2. Informe de la autoridad judicial requerida: mediante escrito visible en el folio 20 del expediente, el Juzgado Quinto de Ejecución de Penas y Medidas de Seguridad de Tunja solicita se niegue la petición de habeas corpus promovida por
el señor Urrutia, por improcedente y afirma que ese despacho vigila la ejecución de las penas impuestas al sancionado. Que el accionante, por un lado, mediante la sentencia del 7 de octubre de 2003, del Juzgado Especializado de Descongestión de Popayán, fue condenado por el delito de terrorismo agravado, a la pena principal de 12 años de prisión y multa de 5000 s.m.l.m.v. y a la pena accesoria de interdicción de derechos y funciones públicas por el mismo término de la pena principal, expediente NI22964 (NUR 2002 0010300). Por otro, mediante sentencia del 8 de mayo de 2002, el Juzgado Quinto Penal del Circuito de Popayán, lo condenó por el punible de fabricación y tráfico de armas de fuego y municiones, a la pena principal de un (1) año de prisión y a la accesoria de interdicción de derechos y funciones públicas por el mismo término, (expediente 2001-0183-00). Pone de presente que el accionante ha estado privado de la libertad por cuenta de esas causas desde el 31 de diciembre de 2001 hasta 25 de febrero de 2009 y desde el 30 de mayo de 2014 hasta la fecha (7 de mayo de 2017), le figuran reconocimiento de redención de la pena de 4 meses, 15.6 días; 4 meses 13,5 días; 193 días o 6 meses 13 días; 51 días ó 1 mes y 21 días y 5 meses 1.5 días; y que verificado el tiempo total descotado y redimido a la fecha es de 141 meses y
5.6 días. Informa que no ha cumplido la totalidad de la pena de 12 años, 4 meses que equivalen a 148 meses de prisión. Aduce que, ese Despacho mediante auto interlocutorio 248 del 27 de febrero de 2017, resolvió de manera negativa la solicitud “de amnistía de jure y la petición de libertad condicionada conforme a la ley 1820 de 2016”; por cuanto el sentenciado no demuestra ser favorecido del ámbito de aplicación personal de la ley y que el cumplimiento de dicho requisito es presupuesto material y de fondo para la concesión de cualquiera de los beneficios de esa ley y que la decisión fue notificada de manera personal. Argumenta que la privación de la libertad del señor Román Enrique Urrutia obedece al cumplimiento de la pena de prisión legítimamente impuesta y que no le corresponde al juez constitucional sustituir al juez natural y que la acreditación del fuero personal es indispensable para aplicar la Ley 1820 de 2016.
3. Trámite procesal.
La solicitud de habeas corpus en primera instancia fue repartida el 6 de marzo de 2007, por la Oficina de Reparto de la Seccional de Administración Judicial Tunja, al Tribunal Administrativo de Boyacá, autoridad que mediante auto de esa misma fecha, la admitió, ordenó notificar por el medio más expedito al Juzgado Quinto de Ejecución de Penas y Medidas de Seguridad de Tunja, solicitó información al establecimiento carcelario de mediana seguridad de Chiquinquirá-Regional Central, sobre la situación jurídica del señor Román Enrique Urrutia. Mediante sentencia del 7 de marzo de 2007, negó la solicitud formulada por el
señor Román Enrique Urrutia. Por auto del 10 de marzo de 2017 el Tribunal Administrativo de Boyacá, concedió la impugnación presentada por el señor Román Enrique Urrutia, contra la sentencia del 7 de marzo de 2007. En segunda instancia, el asunto fue repartido, el 14 de marzo de 2017.

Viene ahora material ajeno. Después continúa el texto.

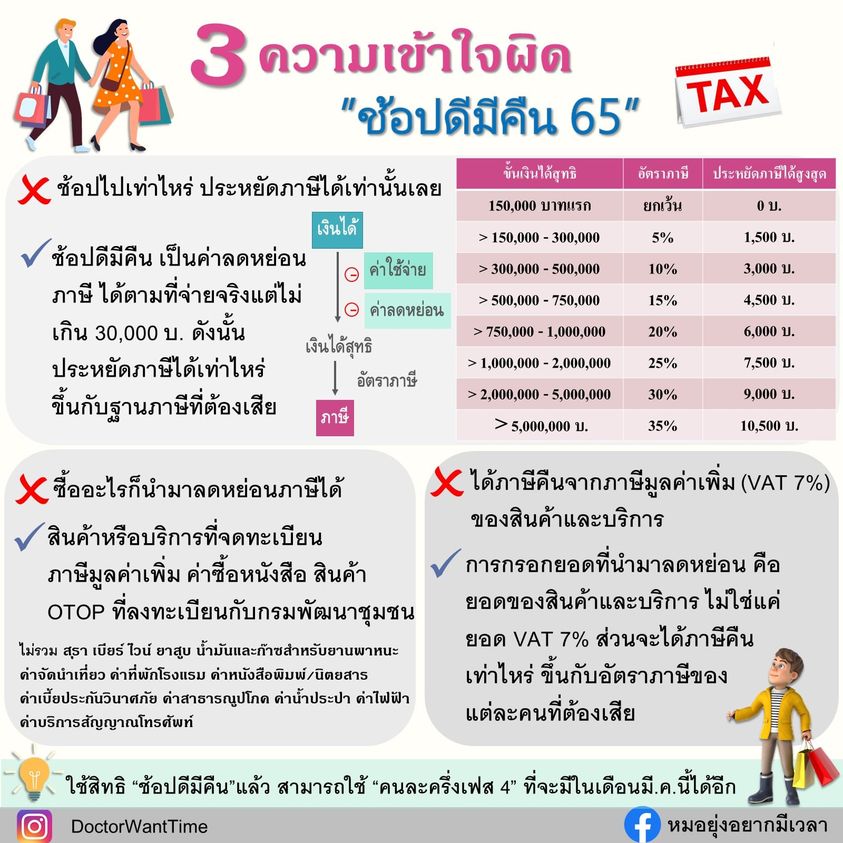 ข้อเน้นว่าสำหรับปีภาษี 65 นะ และควรเก็บหลักฐานใบกำกับภาษีเต็มรูปแบบไว้ให้ดี เพราะกว่าจะยื่นภาษีคือ ตอนต้นปี 66 และมาตรการนี้ใช้เป็นค่าลดหย่อน (ไม่ใช่นำไปหักจากภาษีที่เราต้องเสียโดยตรง) ดังนั้นจะประหยัดภาษีไปได้มากน้อยขึ้นกับฐานภาษีที่แต่ละคนต้องเสียนะ
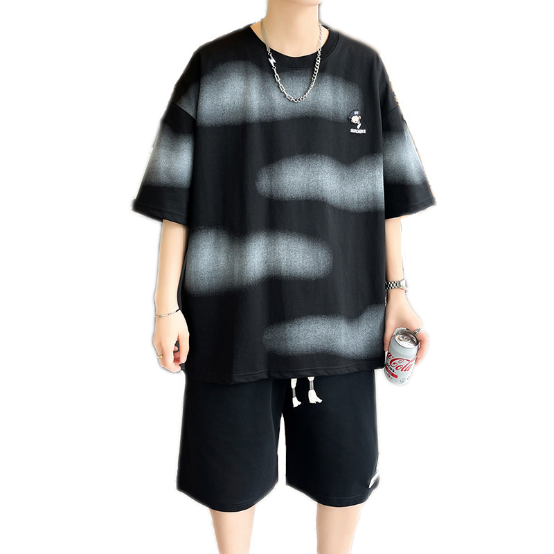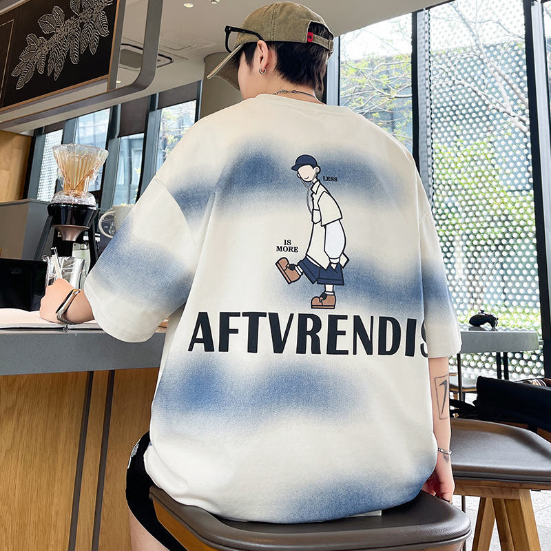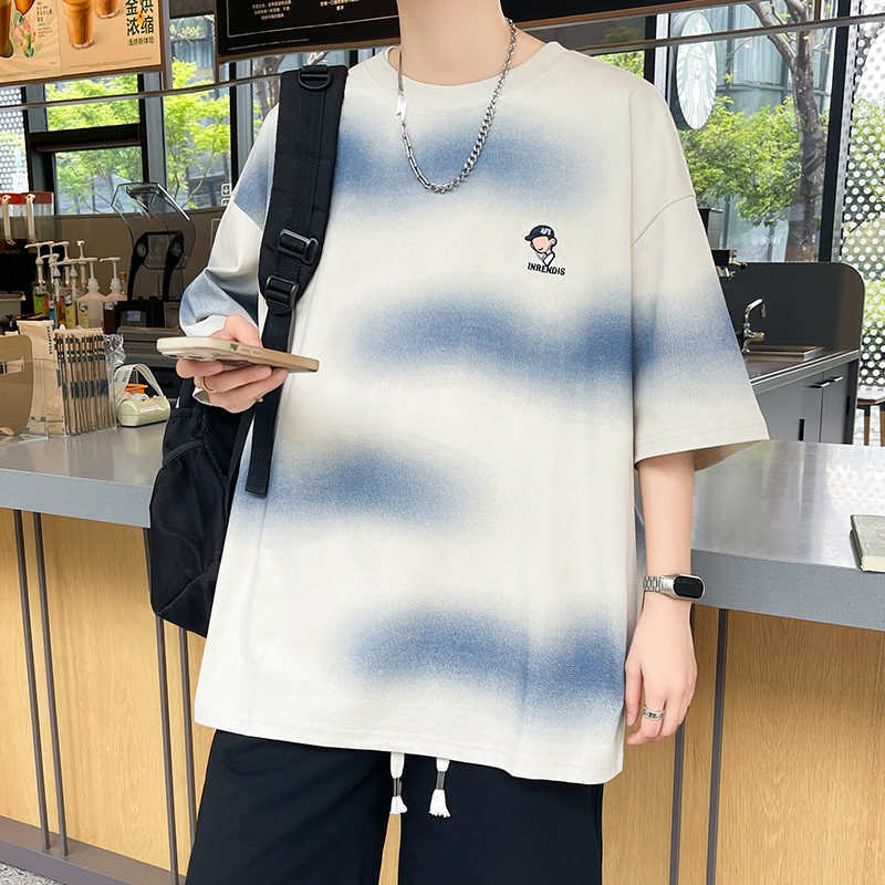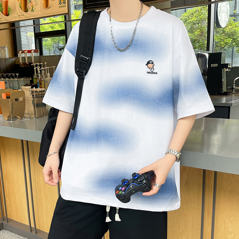 夏季新款短袖T恤男青少年渐变色高冷学生装五分袖上衣
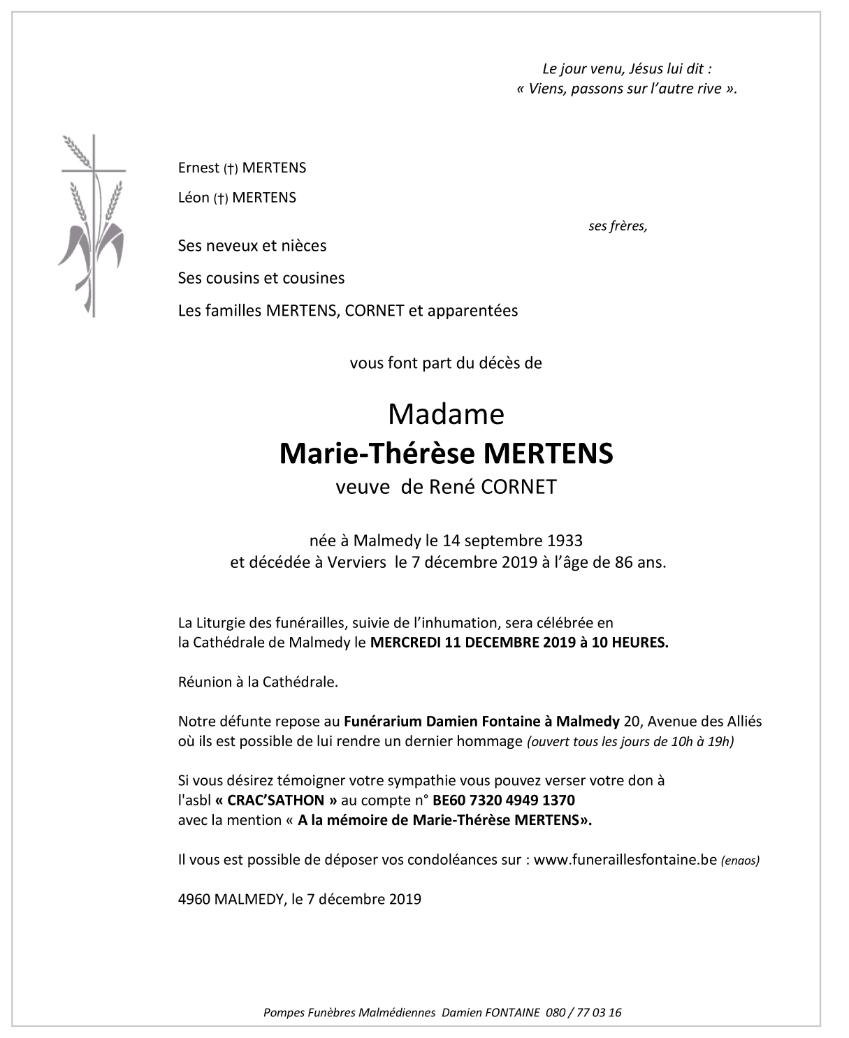 Madame Marie-Thérèse MERTENS veuve de René CORNET

4. Fallo de primera instancia Mediante la sentencia del 7 de marzo de 2017, el Tribunal Administrativo de Boyacá negó la solicitud de habeas corpus, presentada por el señor Román Enrique Urrutia, y adujo que la Corte Suprema de Justicia ha precisado que cuando se encuentra en curso un proceso judicial no puede invocarse la solicitud de habeas corpus para sustituir los procedimientos ordinarios o comunes dentro de los cuales deben formularse las peticiones de libertad.

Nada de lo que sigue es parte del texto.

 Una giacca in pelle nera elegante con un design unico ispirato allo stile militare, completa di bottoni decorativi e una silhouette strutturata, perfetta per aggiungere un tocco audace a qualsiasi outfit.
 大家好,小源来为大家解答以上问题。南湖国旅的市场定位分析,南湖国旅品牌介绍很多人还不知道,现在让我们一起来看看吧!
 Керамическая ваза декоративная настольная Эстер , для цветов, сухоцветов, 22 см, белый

Se refirió que la Ley 1820 de 2016, consagra la libertad condicionada y amnistía de iure por delitos políticos y conexos, con ocasión del proceso de Paz y que de conformidad en los artículos 15 y 16, respecto de quienes ya existe una condena por los delitos referidos es el Juez de Ejecución de Penas a quien le corresponde aplicar esas figuras y que los recursos contra las decisiones de primera instancia se interpondrán ante la Jurisdicción de Paz, según el Decreto 377 de 2017. Que revisadas las pruebas en el caso concreto el interesado no agotó los recursos ordinarios ante el Juez de Ejecución de Penas y Medidas de Seguridad y que es improcedente la solicitud de libertad a que se refiere esas normas. Afirmó, que si bien el juez constitucional está facultado para intervenir como garante de los
derechos fundamentales de una persona, no advierte una flagrante vía de hecho que atente contra la libertad, ni causal de procedencia de la acción constitucional ejercida. (fl 44 a 54)

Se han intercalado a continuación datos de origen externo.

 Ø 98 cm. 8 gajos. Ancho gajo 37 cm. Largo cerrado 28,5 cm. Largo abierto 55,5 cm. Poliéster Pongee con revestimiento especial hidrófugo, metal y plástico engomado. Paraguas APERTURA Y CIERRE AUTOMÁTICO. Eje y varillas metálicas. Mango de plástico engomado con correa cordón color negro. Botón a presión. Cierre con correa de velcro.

5. Del recurso de apelación Mediante escrito visible en el folio 59 del expediente, la parte accionante, impugnó la sentencia del 7 de marzo de 2017, argumentando que los delitos de terrorismo y de porte de arma de fuego, fueron cometidos en el marco y con ocasión del conflicto armado de las FARC-EP contra el Estado Colombiano; pero que el Juez Quinto de Ejecución de Penas y Medidas de Seguridad le negó la libertad porque considera: que esos delitos no podían enmarcarse en ese escenario y que no está acreditado que el autor pertenezca a las FARC y que el juez constitucional afirma que no podía invocar el habeas corpus para reclamar la libertad olvidando que el condenado cumple el tiempo de privación efectiva requerido para obtener el beneficio de la ley 1820 de 2016 y que esos mecanismos tardan mucho tiempo.
Que de no concederse la libertad se le estaría prolongado su privación de manera injusta e incurriendo en falta de aplicación de la ley 1820 de 2016 y que ésta norma le es aplicable a su situación, así no sea integrante de las FARC-EP. Anexa fotocopia del acta de compromiso suscrita ante la Secretaría Ejecutiva Transitoria –Jurisdicción Especial para la Paz-.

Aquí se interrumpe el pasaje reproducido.